What came next, however, was the somewhat unsettling period when he began improvising in concert, which, with all its risk, was a completely different beast. “At first I thought, I’d better have a safety net,” Levin said. Three hours before a performance, Levin would be lying there in his hotel room bed, trying to work out a mental roadmap for his impending cadenza. He’d get it all planned out and think “fine, I don’t have to worry about it.”
But inevitably, during performance, Levin would stray from his roadmap, forcing a choice. “You can think about what you should be doing instead of what you are doing and screw up completely or you can ditch everything you were going to do because you aren’t there, you’re somewhere else.”

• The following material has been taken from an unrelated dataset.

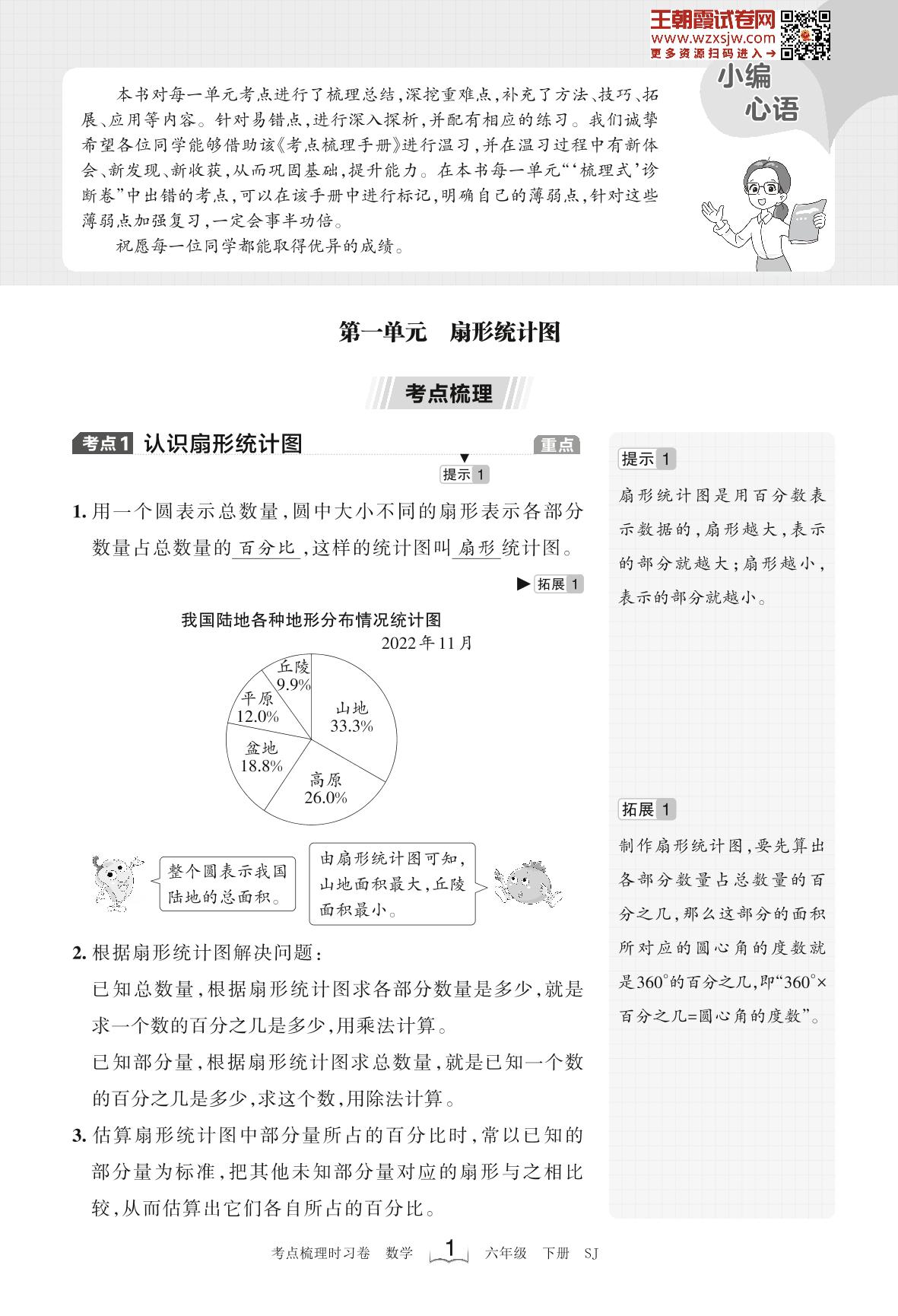 2023下册六年级数学苏教版 考点梳理手册——第一单元 扇形统计图

Eventually, Levin just let go, and in doing so, made the crucial transition from fluency to poetry. “Now I prepare absolutely nothing,” he said. “The orchestra is playing and I know I’ve got twelve seconds, I’ve got eight, I’ve got six, I’ve got four, and if nothing comes into my head, I just start playing. I start to play a scale. I start to play something. And as I play, I know something is going to come to me.”
At this level of musical cognition, the improviser often achieves a seamless trade-off between his conscious and subconscious knowledge. He knows he’s creating the music and feels very much in control, yet he also feels as if he’s watching himself play, a paradox that Berkowitz calls the creator/witness phenomenon. “They’ll be playing and something happens that they didn’t quite expect,” Berkowitz said. “Then they react to that and it kind of starts this dialogue where the improviser is steering the ship, but is also being steered by the ship.”
Levin confirms this phenomenon, recalling his miraculous recovery at Bremen. “I was certainly the protagonist. Nobody else was calling the shots,” Levin said. “But, at the same time, I was watching myself do this and said: ‘Whew! Lucked out.’ ”
With a rough idea of how musicians learned to improvise, Berkowitz decided to go a step further. He wanted to know specifically how the musician’s brain acted differently when it was improvising as opposed to when it was just playing a scripted melody. Berkowitz teamed up with Daniel Ansari, a neuroscientist at the University of Western Ontario, and together they designed an experiment that would attempt to isolate the brain regions responsible for the aspect of improvisation that requires creativity.
Berkowitz had his test subjects, all classically trained pianists with an average of 13 years piano experience, perform a series of four musical tasks while inside an fMRI machine. A noninvasive brain imaging technique, fMRI uses powerful magnets to measure blood flow to brain regions that are being activated and deactivated during neural activity. As each subject lay recumbent in the machine, he or she would play a small, plastic piano-like keyboard, which had five keys. The first task constrained both melody and rhythm, and required subjects to play pre-memorized, five-note-long melodies while maintaining a fixed rhythm with the aid of a metronome. The other three tasks included improvisation in some form: one allowed the subject to create rhythms, while playing the memorized melodies; another had the subject create melodies in time to the metronome; and the third permitted freestyle generation of both melody and rhythm.
When Berkowitz and Ansari looked at the subjects’ brain maps, they found three regions that were activated during all tasks that involved improvisation, whether it was rhythmic or melodic. When it comes to determining the roles these regions might play in improvisation, Berkowitz is cautious, emphasizing that fMRI is just a tool—an inference tool—that allows assumptions to be made based on what is known about the region’s general function, but offers no definitive answers. Still, the implications are provocative.